Unnamed: 0,Neighborhood,Total_Houses,Houses_Above_250k,Ratio_Above_250k
21,Chateau,3.0,3.0,1.0
76,Squirrel Hill North,1967.0,1508.0,0.76665
1,Allegheny West,69.0,47.0,0.681159
63,Point Breeze,1623.0,1065.0,0.656192
68,Shadyside,1936.0,1170.0,0.604339
66,Regent Square,343.0,193.0,0.562682
77,Squirrel Hill South,3152.0,1743.0,0.552982
39,Highland Park,1488.0,698.0,0.469086
16,Central Business District,397.0,175.0,0.440806
80,Strip District,72.0,29.0,0.402778


## Conclusion 

In conclusion, using these datasets and metrics we can see that a few neighborhoods are at the top of all of these charts, such as Squirell Hill, Regent Square, and Point Breeze. This aligns with our own experience living in Pittsburgh. These neighborhoods have nice and expensive houses, the people who live there are educated and wealthier, there is less crime as a result, and they are generally kept clean. 

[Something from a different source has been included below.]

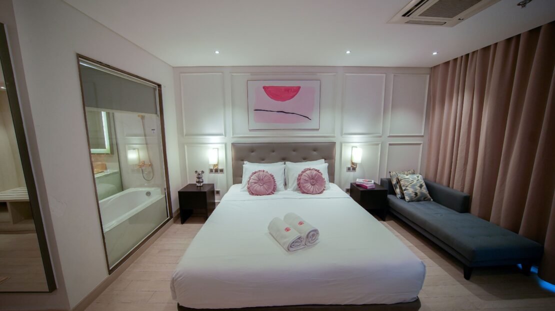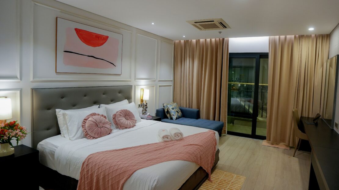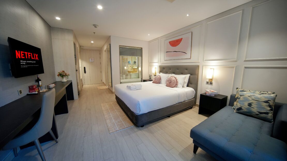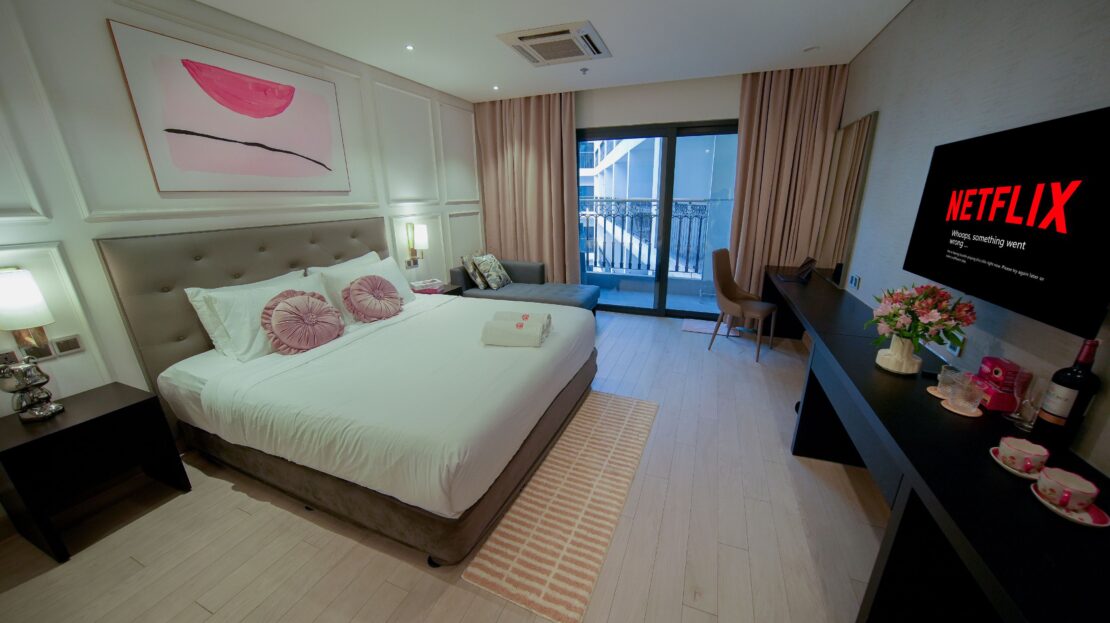 Phòng ngủ Superior được trang bị nội thất hiện đại và tiện nghi vệ sinh cao cấp, mang đến cho quý khách một trải nghiệm sống đẳng cấp. Vách kính ngăn cách khu vực tắm và phòng ngủ tạo nên không gian sinh hoạt chung rộng mở. Với ban công riêng và cửa kính, quý khách có thể ngắm nhìn toàn cảnh hình dáng chữ “H” của tòa nhà và khung cảnh xung quanh được thiết kế riêng cho quý khách. Quý khách có thể tận hưởng sự thoái mái và tiện lợi của giường cỡ King cùng SmartTV màn hình phẳng trong phòng ngủ, linh hoạt phù hợp cho các cặp đôi du lịch hoặc nhóm bạn bè.

Some potential downsides to our data analytics is that the datasets all came from the same large survey in 2015. This is almost 10 years ago. We thought it was still appropriate to use this data, because even though the economy has changed since then, the relative relationships between neighborhoods likely has not. For example, housing prices have gone up since then, but I expect that the houses in Squirrel Hill have gone up approximately at the same rate as houses in Oakland, so they may both be higher numbers, but their relative values are about the same.